When your program involves talking to a database, you have to deal with an additional universe of errors. Just as the PHP interpreter expects your programs to adhere to a particular grammar, the database program expects your SQL statements to adhere to the grammar of SQL.

The setErrorHandling( ) function introduced in Section 7.4 has an additional mode of operation that gives you increased control over how database errors are handled in your PHP programs. Instead of having a terse error message printed or your program exit when a database error happens, you can have a custom function called. That function can do whatever you want, such as print a more detailed error message or write to the web server error log.

To enable this mode, call setErrorHandling( ) with the PEAR_ERROR_CALLBACK constant and the name of your error-handling function. Example 12-8 says that when there is a database error, the database_error( ) function should be called.

Example 12-8. Setting up a custom database error handling function
$db->setErrorHandling(PEAR_ERROR_CALLBACK,'database_error');

You also have to write the custom error-handling function whose name is passed to setErrorHandling( ). This function must accept one argument. When DB invokes the function, it passes an object to the function that contains the error information. You can use the getDebugInfo( ) method of that object to get more detailed error information. Example 12-9 is a sample custom error-handling function.

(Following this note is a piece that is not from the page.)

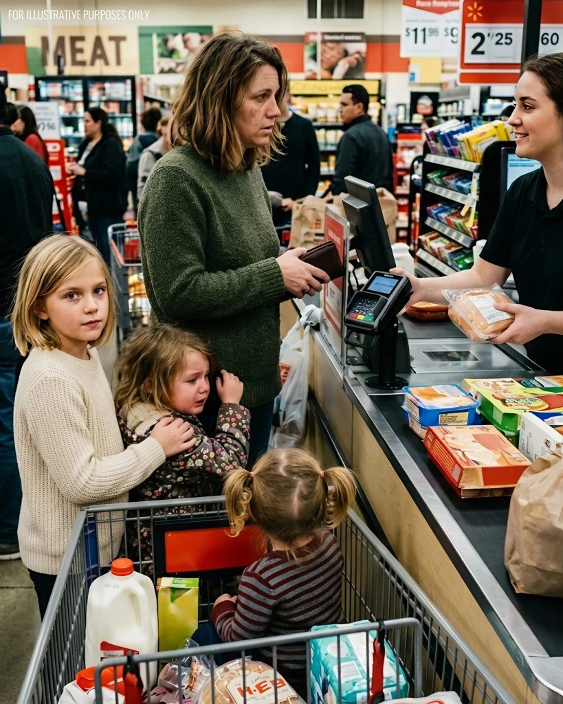 Devant moi se tenait une femme. Trois enfants à ses côtés. L’un était assis dans le chariot, le deuxième s’accrochait à sa manche, et le troisième, le plus âgé, essayait de se comporter comme un adulte — mais dans ses yeux, on voyait clairement la peur.

Example 12-9. A custom database error handling function
function database_error($error_object) {
    print "We're sorry, but there is a temporary problem with the database.";
    $detailed_error = $error_object->getDebugInfo( );
    error_log($detailed_error);
}

The database_error( ) function defined in Example 12-9 prints a generic message when a database error happens. It sends more detailed information about the error to the web server error log. Because this detailed information includes the full text of the database queries that caused errors, you shouldn't show it to your web site visitors. The messages that database_error( ) sends to the error log look like this:

SELECT dish_name, price, has_spiciness FROM dishes WHERE price >= '5.00' AND price <= 
'25.00' AND is_spicy = 0 [nativecode=1054 ** Unknown column 'has_spiciness' in 'field 
list']

Since the dishes table doesn't have a column called has_spiciness, a query that tries to use such a column fails.